Medicare Advantage Cost the US $12 Billion Extra in 2020: Watchdog
Health Care

Medicare Advantage Cost the US $12 Billion Extra in 2020: Watchdog

Dado Ruvic

Medicare Advantage is costing the U.S. government billions more compared to standard Medicare, according to a new report from a nonpartisan watchdog group.

The Medicare Payment Advisory Commission (MedPAC), an independent congressional agency established in 1997, said in a report released Tuesday that the U.S. made about $12 billion in “excess payments” to private insurers in 2020 for health care delivered through Medicare Advantage, compared to what it would have cost to deliver the same care under standard Medicare.

Medicare Advantage, which has grown significantly over the last 20 years and now covers about 40% of all Medicare participants, allows seniors to purchase private health insurance plans with additional features not included in standard Medicare, such as dental and vision coverage. Major insurers including UnitedHealth, Humana and Aetna are competing to offer plans in the program, but critics have raised concerns about rapidly rising costs.

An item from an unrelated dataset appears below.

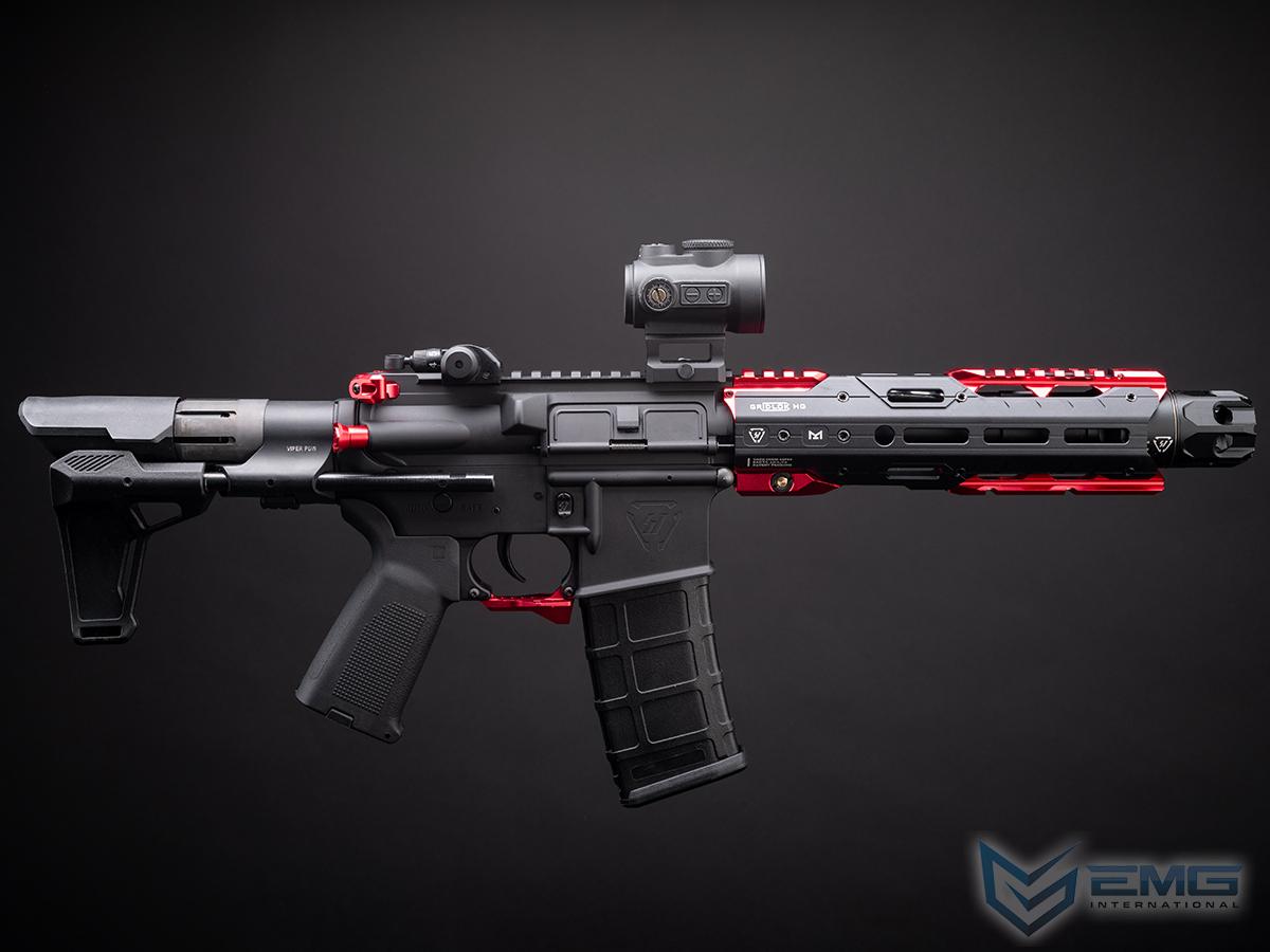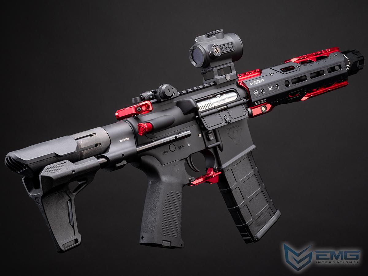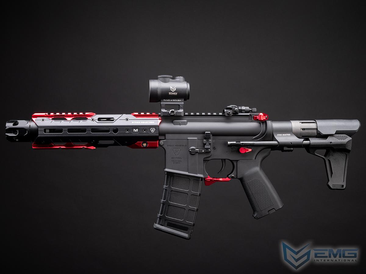 6mmProShop Strike Industries Licensed M4 Airsoft AEG Rifle w/ GRIDLOK® Handguard System by E&C (Color: Red PDW / 8.5" RIS / 350 FPS)

MedPAC has been warning about the excess costs in the Medicare Advantage system for years. Here’s a summary of what’s driving costs higher from the latest report:

“The Commission has found that payments to MA [Medicare Advantage] plans are inflated as a result of plans maximizing the diagnoses they report for their enrollees in order to gain higher payments, while the underlying risk adjustment model relies on diagnoses collected from claims from fee-for-service (FFS) providers, who lack the same incentives to code diagnoses. MA plans also receive quality bonuses that increase Medicare spending for the majority of MA enrollees, yet the MA quality rating system does not provide meaningful information about plans’ quality of care. MA spending is also driven up by plan benchmarks that are set so high that the Medicare program ends up subsidizing the substantial extra benefits that MA plans offer to their enrollees—benefits that are not available to FFS enrollees.”

With Medicare Advantage expected to cover about half of all Medicare participants by next year, MedPAC says it’s time to start reeling in costs. Medicare Advantage plans “need to face appropriate financial pressure,” the group says, bringing it in line with providers of health care services in the standard Medicare program. “These policy flaws diminish the integrity of the program and generate waste from beneficiary premiums and taxpayer funds.”